Prompt:
Transcribe all the data below exactly, leaving its pictures out.

Data block:
——————

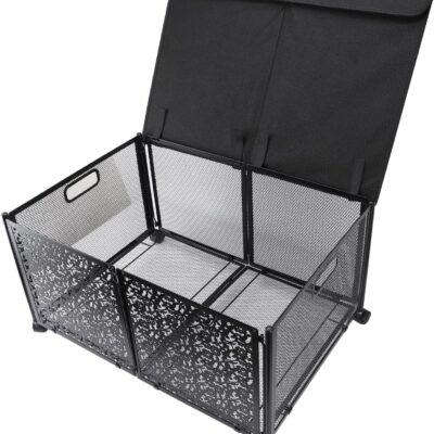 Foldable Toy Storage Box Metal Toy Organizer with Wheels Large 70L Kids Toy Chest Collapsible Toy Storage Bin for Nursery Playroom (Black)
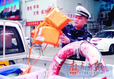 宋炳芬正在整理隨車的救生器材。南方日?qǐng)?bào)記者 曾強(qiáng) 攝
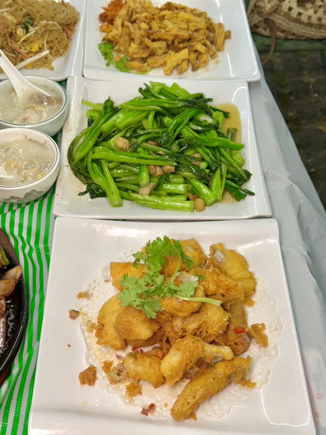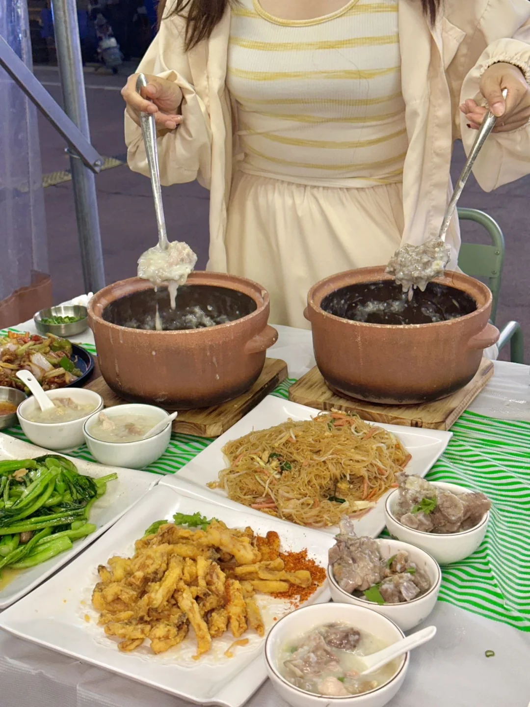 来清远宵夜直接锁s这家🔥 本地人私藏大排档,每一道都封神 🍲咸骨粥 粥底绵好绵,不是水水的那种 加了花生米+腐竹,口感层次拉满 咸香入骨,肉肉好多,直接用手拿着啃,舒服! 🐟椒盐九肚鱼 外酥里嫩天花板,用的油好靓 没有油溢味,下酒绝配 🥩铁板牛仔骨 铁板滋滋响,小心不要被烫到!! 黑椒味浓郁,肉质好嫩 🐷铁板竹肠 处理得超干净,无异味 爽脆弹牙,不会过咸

——————

Output below:
 Foldable Toy Storage Box Metal Toy Organizer with Wheels Large 70L Kids Toy Chest Collapsible Toy Storage Bin for Nursery Playroom (Black)
 宋炳芬正在整理隨車的救生器材。南方日?qǐng)?bào)記者 曾強(qiáng) 攝
 来清远宵夜直接锁s这家🔥 本地人私藏大排档,每一道都封神 🍲咸骨粥 粥底绵好绵,不是水水的那种 加了花生米+腐竹,口感层次拉满 咸香入骨,肉肉好多,直接用手拿着啃,舒服! 🐟椒盐九肚鱼 外酥里嫩天花板,用的油好靓 没有油溢味,下酒绝配 🥩铁板牛仔骨 铁板滋滋响,小心不要被烫到!! 黑椒味浓郁,肉质好嫩 🐷铁板竹肠 处理得超干净,无异味 爽脆弹牙,不会过咸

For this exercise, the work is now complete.